Calum Bennie, a savings expert at Scottish Friendly, believes the move will trigger further cuts by other account providers.

“Given the Bank of England has recently indicated the outlook for interest rates remains stubbornly low, NS&I rate cut is not unexpected but will be disappointing for savers and is yet another blow to cash ISAs,” he said.

“This cut by a Treasury-led provider makes it likely that others will follow suit.”

Mr Bennie added savers should be braced for low interest rates for the foreseeable future, leading to poor returns on investments.

“Savers are set for at least a further year of dismally low interest rates. This is why more people are now dipping their toes into stocks and shares ISAs as a way of saving for their future,” he said.

“Although risk is attached, savers should seriously consider stocks and shares ISAs as a potentially higher return alternative to cash deposits.”

Tom Adams, head of research at consumer website Savings Champion, said of NS&I’s cut: “It is a blow in that its previous rate was one of the best ISA rates available, it’s now going down to a much less competitive level.

“Some people will find alternatives but others won’t be able to.”

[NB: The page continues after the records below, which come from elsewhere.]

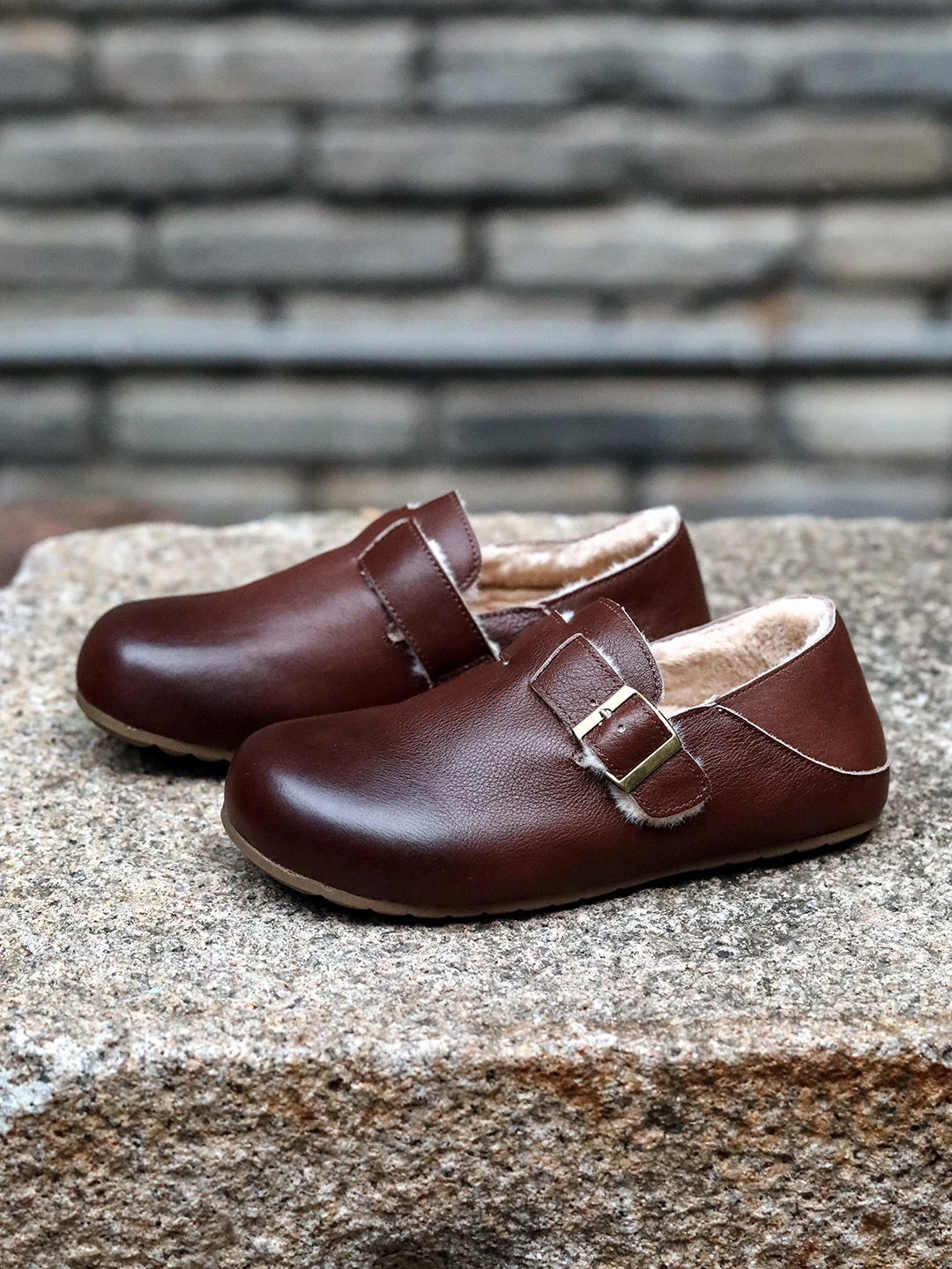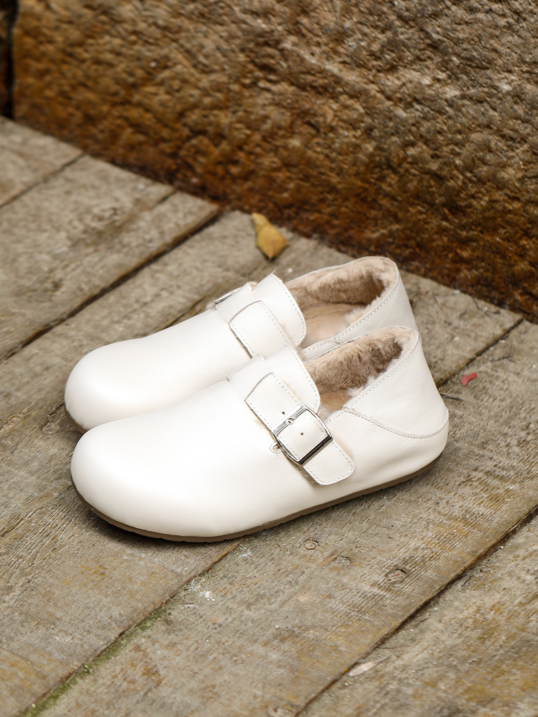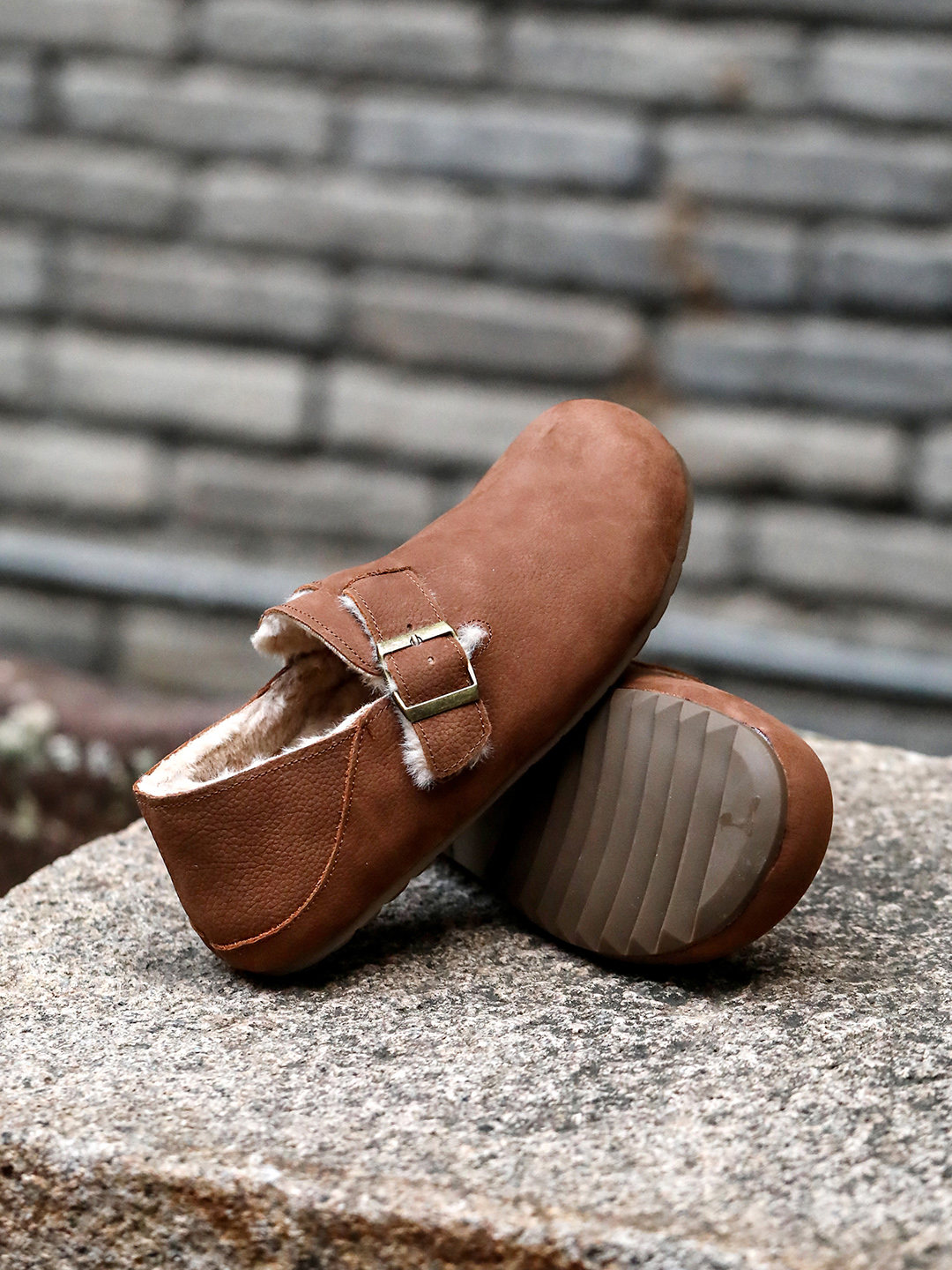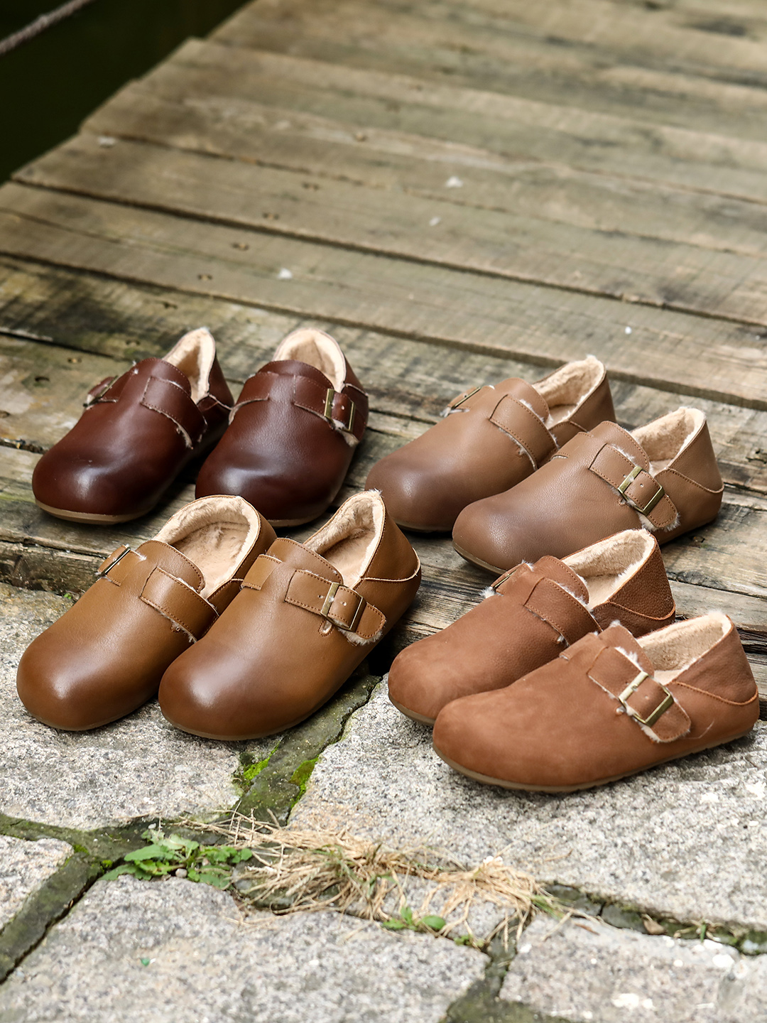 [Highly Recommended! Genuine Leather, Two-Way Wear] Elegant Winter Fleece-Lined Warm Cotton Shoes, Round Toe Slip-On Women's Shoes with Hidden Height Increase
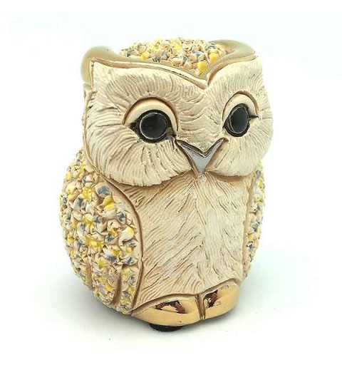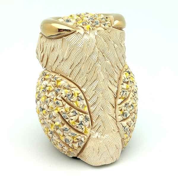Figure of the brand De Rosa Rinconada, representing an owl beige, blue and yellow tones, finished in precious metals such as gold and platinum.
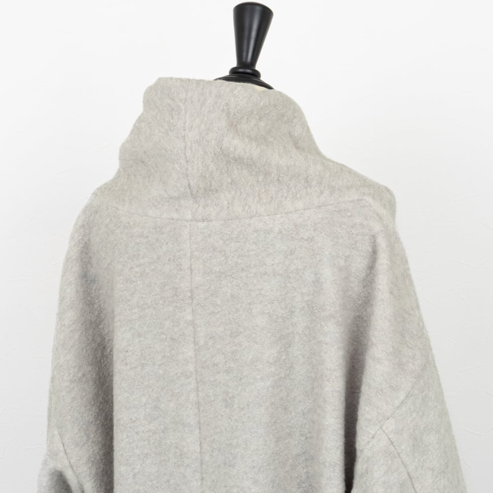 襟元まで暖かいフード風の襟に、ドルマン風のゆったりした身幅。

The expert also said savers should not expect an upturn any time soon and signalled rates cuts were now “part of the savings landscape” and there was “no sign of the trend stopping” following NS&I’s decision.

“There is usually an alternative though. You can get much better rates if you look elsewhere,” he said.

“Savers should keep an eye on best buy tables. If the rate has gone down to an uncompetitive level take action.

“The onus is still on people to seek out alternatives and it is not always easy. So there can be blocks to moving to an investment with a better rate. People do not have the time and savers can be stuck on a particular account.”

NS&I will continue to attract savers because all deposits were backed by a Treasury guarantee, he added.